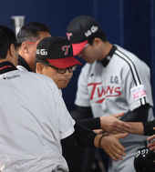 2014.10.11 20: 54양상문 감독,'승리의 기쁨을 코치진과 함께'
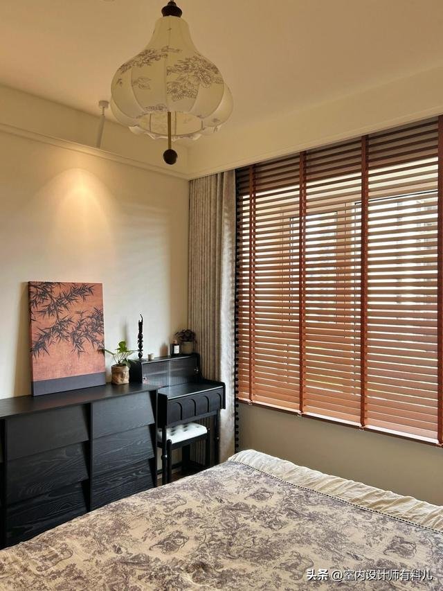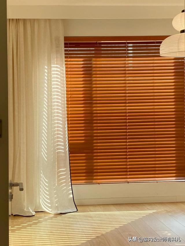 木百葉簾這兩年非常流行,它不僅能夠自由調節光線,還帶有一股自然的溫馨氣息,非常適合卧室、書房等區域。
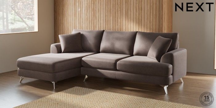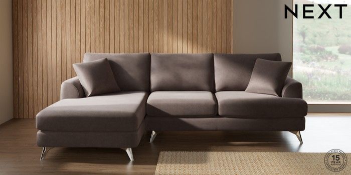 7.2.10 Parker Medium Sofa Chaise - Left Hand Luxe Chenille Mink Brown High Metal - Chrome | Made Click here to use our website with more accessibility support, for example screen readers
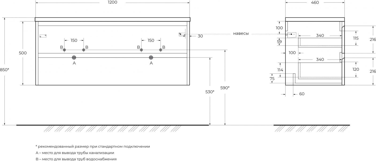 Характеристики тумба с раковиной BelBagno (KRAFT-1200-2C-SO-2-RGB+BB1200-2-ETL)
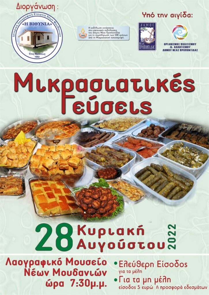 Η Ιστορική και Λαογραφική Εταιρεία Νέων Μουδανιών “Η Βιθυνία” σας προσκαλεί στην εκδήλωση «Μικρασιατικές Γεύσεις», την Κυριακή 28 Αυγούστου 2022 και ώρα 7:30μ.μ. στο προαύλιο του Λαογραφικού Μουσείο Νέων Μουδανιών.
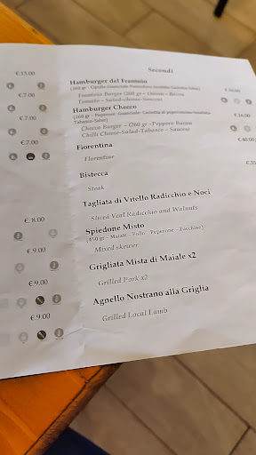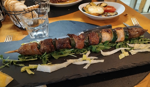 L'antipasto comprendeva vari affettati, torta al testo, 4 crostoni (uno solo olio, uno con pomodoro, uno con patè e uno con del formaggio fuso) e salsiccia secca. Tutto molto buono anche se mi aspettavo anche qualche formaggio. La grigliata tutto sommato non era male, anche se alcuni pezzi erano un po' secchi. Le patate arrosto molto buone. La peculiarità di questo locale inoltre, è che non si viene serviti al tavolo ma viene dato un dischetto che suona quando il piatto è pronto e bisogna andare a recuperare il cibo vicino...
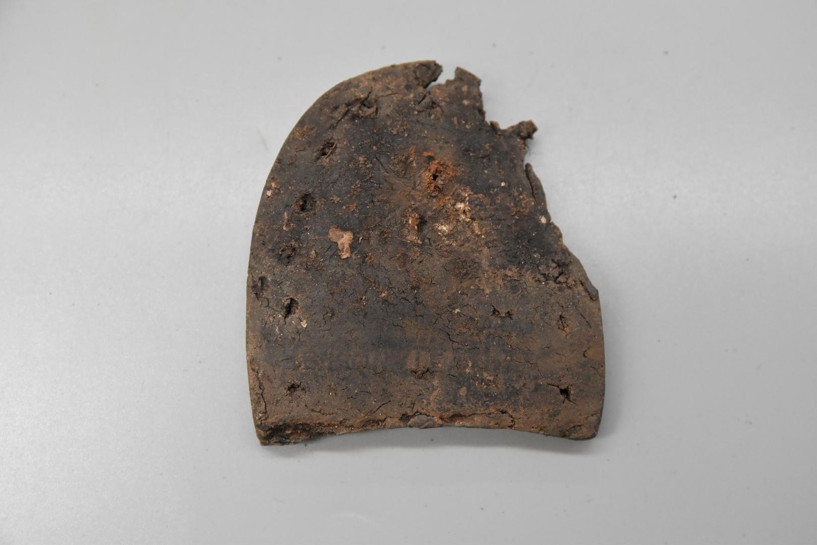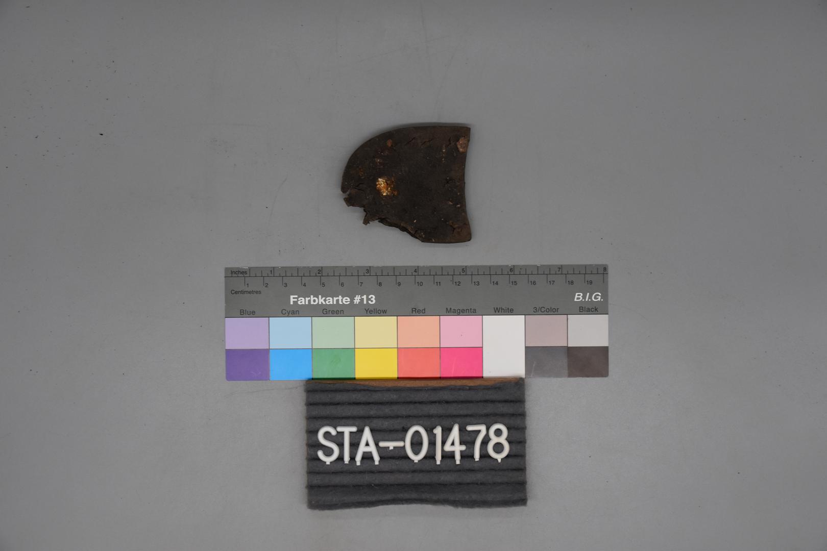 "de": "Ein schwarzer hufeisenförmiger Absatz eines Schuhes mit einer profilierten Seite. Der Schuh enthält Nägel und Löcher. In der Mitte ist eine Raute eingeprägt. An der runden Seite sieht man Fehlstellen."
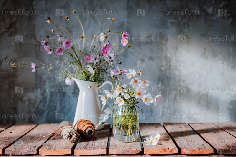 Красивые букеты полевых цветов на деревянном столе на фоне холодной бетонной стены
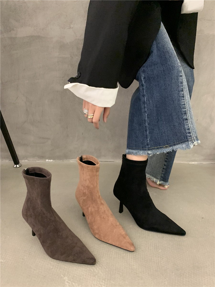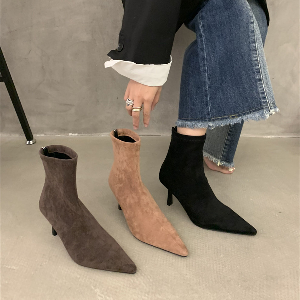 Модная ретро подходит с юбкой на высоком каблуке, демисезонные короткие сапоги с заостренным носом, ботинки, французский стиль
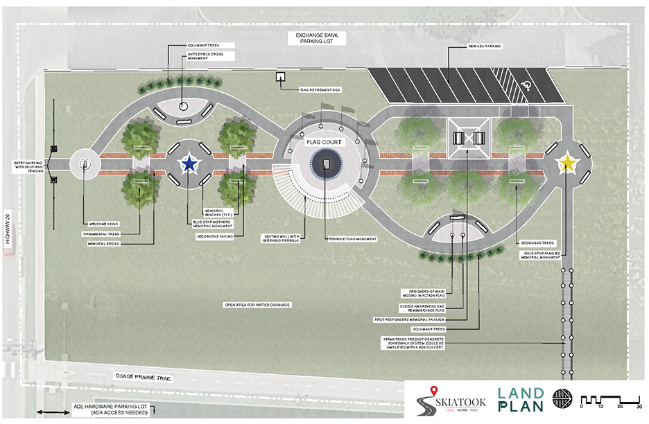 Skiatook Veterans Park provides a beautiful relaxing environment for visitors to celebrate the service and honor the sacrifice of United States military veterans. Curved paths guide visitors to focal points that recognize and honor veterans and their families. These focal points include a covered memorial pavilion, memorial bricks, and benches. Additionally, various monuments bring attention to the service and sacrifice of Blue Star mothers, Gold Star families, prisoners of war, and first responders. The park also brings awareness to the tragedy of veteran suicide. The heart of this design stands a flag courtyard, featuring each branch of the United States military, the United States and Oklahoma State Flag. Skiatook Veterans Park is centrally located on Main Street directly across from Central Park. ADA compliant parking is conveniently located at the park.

++++++++++

Problem to solve: The response must match the data line for line, from its first line through the line with "Η Ιστορική και", inclusive, and must leave out the pictures.

Reply:
 2014.10.11 20: 54양상문 감독,'승리의 기쁨을 코치진과 함께'
 木百葉簾這兩年非常流行,它不僅能夠自由調節光線,還帶有一股自然的溫馨氣息,非常適合卧室、書房等區域。
 7.2.10 Parker Medium Sofa Chaise - Left Hand Luxe Chenille Mink Brown High Metal - Chrome | Made Click here to use our website with more accessibility support, for example screen readers
 Характеристики тумба с раковиной BelBagno (KRAFT-1200-2C-SO-2-RGB+BB1200-2-ETL)
 Η Ιστορική και Λαογραφική Εταιρεία Νέων Μουδανιών “Η Βιθυνία” σας προσκαλεί στην εκδήλωση «Μικρασιατικές Γεύσεις», την Κυριακή 28 Αυγούστου 2022 και ώρα 7:30μ.μ. στο προαύλιο του Λαογραφικού Μουσείο Νέων Μουδανιών.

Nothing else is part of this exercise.